In 2nd quarter 2017, national annual rent growth rose to 3.6%. While the average 3.7% increase of the top 50 U.S. metros drove much of that growth, many secondary markets held their own – and even outperformed their larger counterparts.
Pricing power is generally less in smaller metros, as evidenced by the average 3.0% rent growth generated by the 50 secondary U.S. markets. Still, a handful of top contenders in the secondary arena managed to see rent growth of more than 5.0%. Two of those smaller markets, each situated in the West region, increased rents by more than 10.0%. No large market saw rent growth reach double digits.
Reno and Colorado Springs were by far the top performers among secondary markets, registering annual rent growth of 11.5% and 10.9%, respectively. Reno has seen annual rent growth hit 11.0% in three of the most recent four quarters. Those growth levels are roughly double those seen in late 2015 and early 2016. Operators have benefited from a packed market and limited completions. Meanwhile, the metro has benefited from local efforts to diversify the economic base. Several big-name corporations have landed in Reno in recent years, with announcements of more on the way. That has positioned Reno as a national leader for job creation over much of the past two years.
Colorado Springs also experienced strong rent growth in recent quarters, with annual increases of 8% to 11% since mid-2016. Like Reno, Colorado Springs has seen limited development activity throughout the current cycle, even with job growth sustained at solid levels. This combination of factors has yielded a very tight market, with occupancy at around 97% to 98% since late 2015. Structurally, Colorado Springs boasts strong demand drivers with a heavy presence of major military installations and aerospace and defense employers.
Meanwhile, California’s secondary markets dominated the leaderboard, with Ventura County, Fresno, Santa Rosa/Petaluma and Vallejo/Fairfield/Napa each registering notable rent increases. Ventura County has generally followed the same trajectory as its neighboring large markets in Southern California. The two Northern California markets – Santa Rosa/Petaluma and Vallejo/Fairfield/Napa – have managed to avoid the recent slowdown seen in the Bay Area. Instead, those markets have generally followed performances in Sacramento, suggesting recent momentum is due to economic growth and tight market conditions stemming from a late-cycle recovery.
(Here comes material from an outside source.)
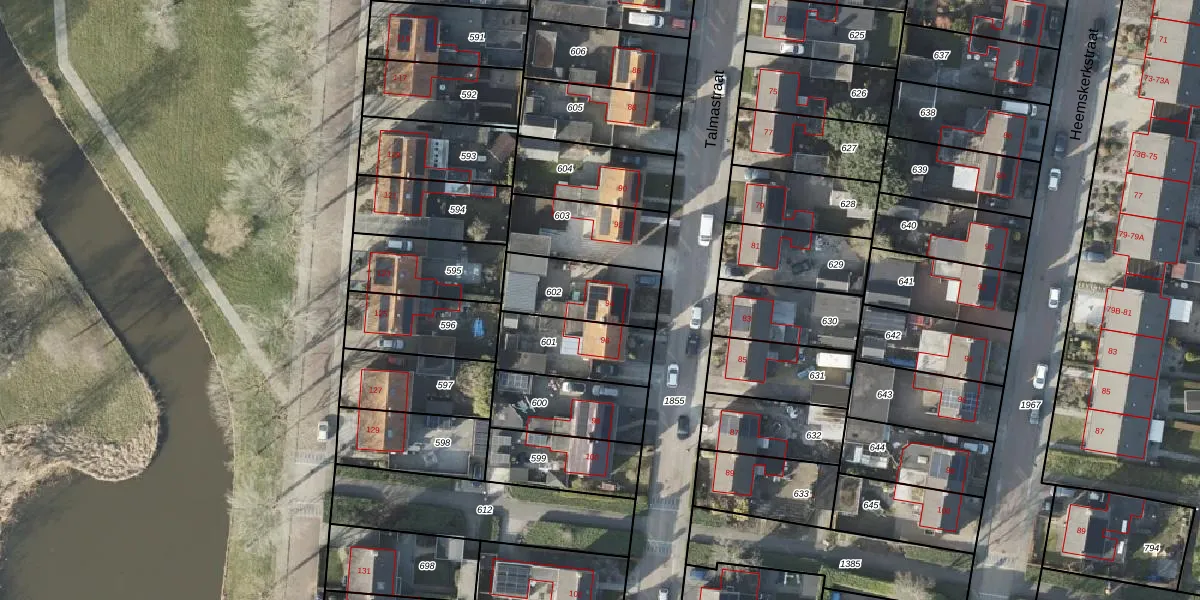 Gebruik de zoekbalk of klik op een perceel voor informatie over de adressen binnen dit perceel.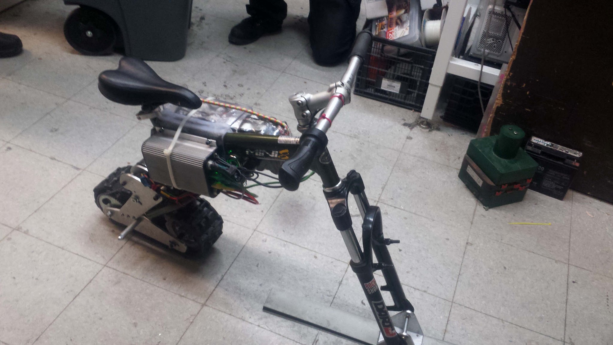 With seat and electronics. The battery and motor controller are held by a bent polycarbonate shell which drapes over the frame. I also added footpegs at the back.

Similarly, Fresno is one of the last markets nationally to enter into a recovery period following the recession.
Further down the leaderboard, Knoxville made an unexpected appearance. Robust Class A and B performances, particularly in submarkets North Knoxville and West Knoxville, lent to the metro’s annual rate change of 4.1% – growth well above the five-year average of 2.5%. Annual absorption in the market has remained elevated since late 2015, when a three-year dip in demand ended.